Determining the fluid placement of injected fluid in a well is a long standing challenge in the oilfield and other well-related industries. When a fluid is injected into a well, it is the intention for that fluid to flow into a target region such as a particular rock formation. However, there are numerous challenges to both placement and determination of the placement of the injected fluid.
For example, the fluid may communicate with formations outside the target region by flowing behind an imperfect cement sheath around a borehole casing or by creating a fracture, which may grow through a formation, causing fluid to flow into an undesired zone. Allowing fluid into regions outside the target region is undesirable for several reasons. First, the fluid that enters zones outside the target region does not support the injection goals and is wasted. Second, fluid injected into regions outside the target region may cause communication with other zones in a well and cause a detriment to production of the target region. Finally, fluid injected into regions outside the target region may violate a duty owed by the operator either under contract, environmental, and/or other laws.
Several methods of determining injected fluid vertical placement within a borehole are known in the art. Two common methods are radioactive logging and temperature logging. Neither of these two methods can be performed in real-time while fluid is being injected, rather both determination methods require a tool to be run down the bore after the injection work is completed. Further, neither of these methods can detect borehole deviation from the fracture plane, and therefore both methods may significantly underestimate the true height of the fracture without providing any feedback that deviation has occurred. Also, radioactive logging requires the handling of radioactive tracers, and the associated environmental, regulatory and handling issues.
Other methods of determining fluid placement include tiltmeter surveys and microseismic mapping. These techniques can be utilized during a fluid injection event. However, these techniques have important limitations. They require use of a nearby offset well that must be shut down during the testing. Not every well has a nearby offset, and production shutdowns are almost always undesirable. Further, the tiltmeter survey measures small deviations in the offset well due to rock stresses, and is best for fracture treatments and not other types of injection that may not induce a fracture or significant stresses in the injected formation. Microseismic mapping requires microseismic events to detect fracture height.
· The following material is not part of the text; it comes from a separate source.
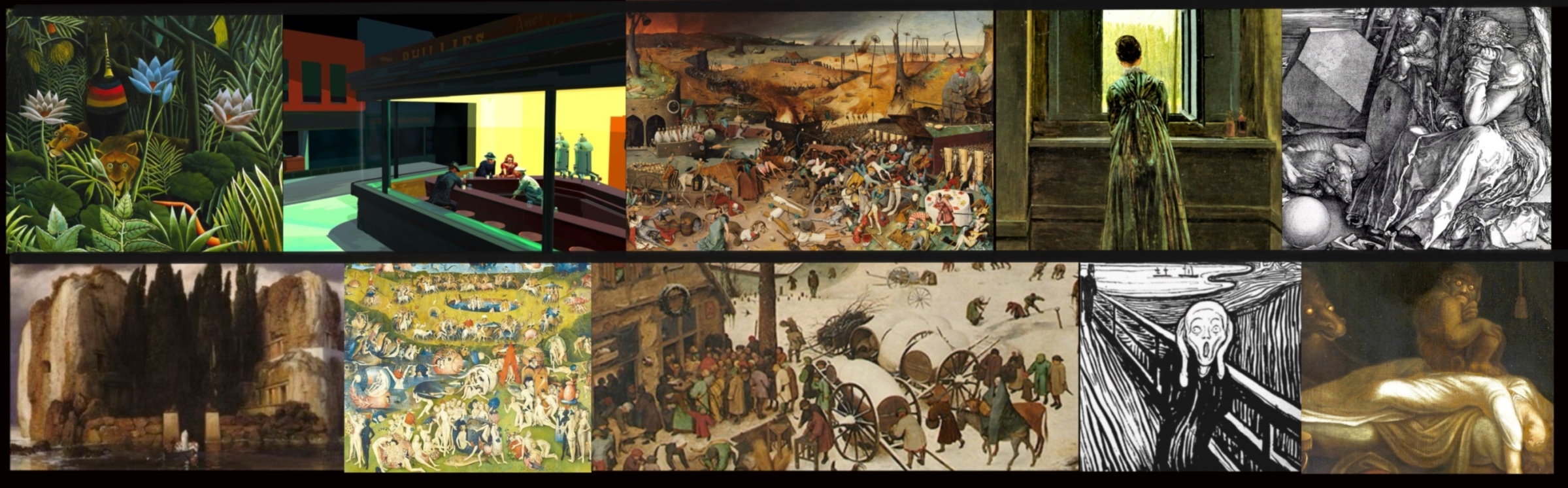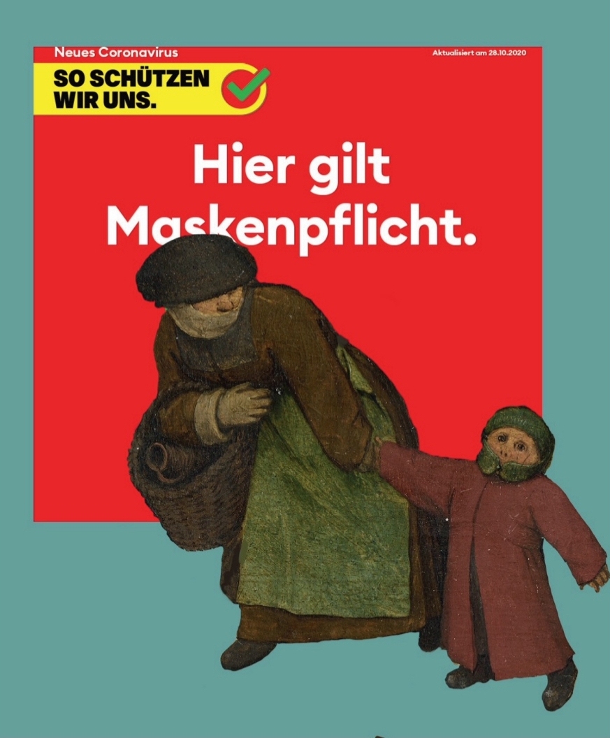 Suzannes Garten: Henri Rousseau, Le rêve (1910). - Die grosse Angst in Berns Lauben: Edvard Munch, Der Schrei (1895). - Hier gilt Maskenpflicht: Pieter Bruegel d. Ä., Volkszählung in Bethlehem (1566). -Massenbestattungen auf Hart Island, N.Y. : Pieter Bruegel d. Ä., Triumph des Todes (1562).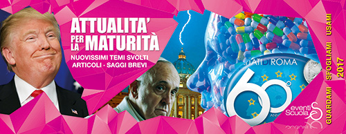 SCONTRO USA COREA DEL NORD – IMMIGRAZIONE “IUS SOLI” – ELEZIONI POLITICHE 2018 – 1918‐2018:CENTO ANNI DALLA VITTORIA NELLA PRIMA GUERRA MONDIALE – FENOMENO YOUTOUBERS – EMERGENZA MIGRANTI – FAKE NEWS E INSIDIE INTERNET – MACABRA CATENA DELLA BLUE WHALE SI DIFFONDE TRA GLI ADOLESCENTI – 40 ANNI DALLA MORTE DI ALDO MORO – EUTANASIA DIRITTO DI MORIRE – ALCOOL, USO E ABUSO – ISIS: TERRORISMO, FANATISMO E INTOLLERANZA RELIGIOSA – 130 ANNI DALLA NASCITA DI GIUSEPPE UNGARETTI – 50 ANNI DALLA MORTE DI SALVATORE QUASIMODO – DONAZIONI DI ORGANI – SIRIA,TRA GUERRA E STRAGI – BIOETICA E RICERCA SCIENTIFICA: CLONAZIONE E MODIFICAZIONI GENETICHE – RIFIUTI, RISORSA DA VALORIZZARE – POLITICA, MARE NOSTRUM, MIGRANTI – CHIESA E UNIONI CIVILI ‐ VIOLENZA E BULLISMO NELLE SCUOLE – CHIESA ABORTO E PERDONO – VIOLENZA E MASS‐MEDIA – ITALIA BELLEZZA ETERNA – POLITICA E IDEALI PERDUTI – FINE DEL COLONIALISMO MODERNO – ITALIA E RIFORME MAI ATTUATE – KYOTO, AMBIENTE E PROBLEMATICHE – UNIONE EUROPEA E DISGREGAZIONE – OMOSESSUALITA’ E SUOI INTERROGATIVI

In boundary layers that may experience low fluid leakoff, the microseismic events may be too small to measure, and may cause the microseismic mapping to determine the fracture height inaccurately
One method of estimating fracture height is a fluid efficiency test in which a pre-fracture injection is performed, and a fiber optic cable disposed within the borehole checks the temperature versus a depth profile. The fluid placement during the pre-fracture pumping is used to estimate the fracture height. However, this method can only detect the fracture height created during the test itself, which generally uses much smaller fluid volume than an actual fracture treatment resulting in significantly smaller fracture height. The proppant and other additives used during the fracture treatment introduce additional hydrostatic head and friction at the perforating holes that change the stresses on the formation and the cement sheath behind the casing. None of these effects can be modeled well for the fluid efficiency test. Further, the fluid efficiency test method does not detect borehole deviation from the fracture plane and can therefore significantly underestimate the true height of the fracture without providing feedback that a borehole-fracture deviation has occurred. This method also introduces additional fluid into a formation and thus introduces extra cost and time, and causes permeability damage to the formation. Finally, the fluid efficiency test cannot determine the actual height of the fracture as the fracture treatment occurs, or report a real time response to height growth.
It is evident that a need exists for an apparatus, system, and method for determining the vertical placement into a formation of a fluid injected into a borehole. Such an apparatus, system, and method would not require the use of an offset well, would provide vertical placement information in real-time while the fluid is injected, and would not introduce any extra fluid into formation.
It would also be desirable that such an apparatus, system, and method provide an indicator that a borehole to fracture plan deviation has occurred, and that the vertical placement indication may not be reliable because of the deviation. Accordingly, the present invention has been developed to provide such an apparatus, system, and method for determining the vertical placement of injected fluid into a formation that overcome many or all of the shortcomings in the conventional methods.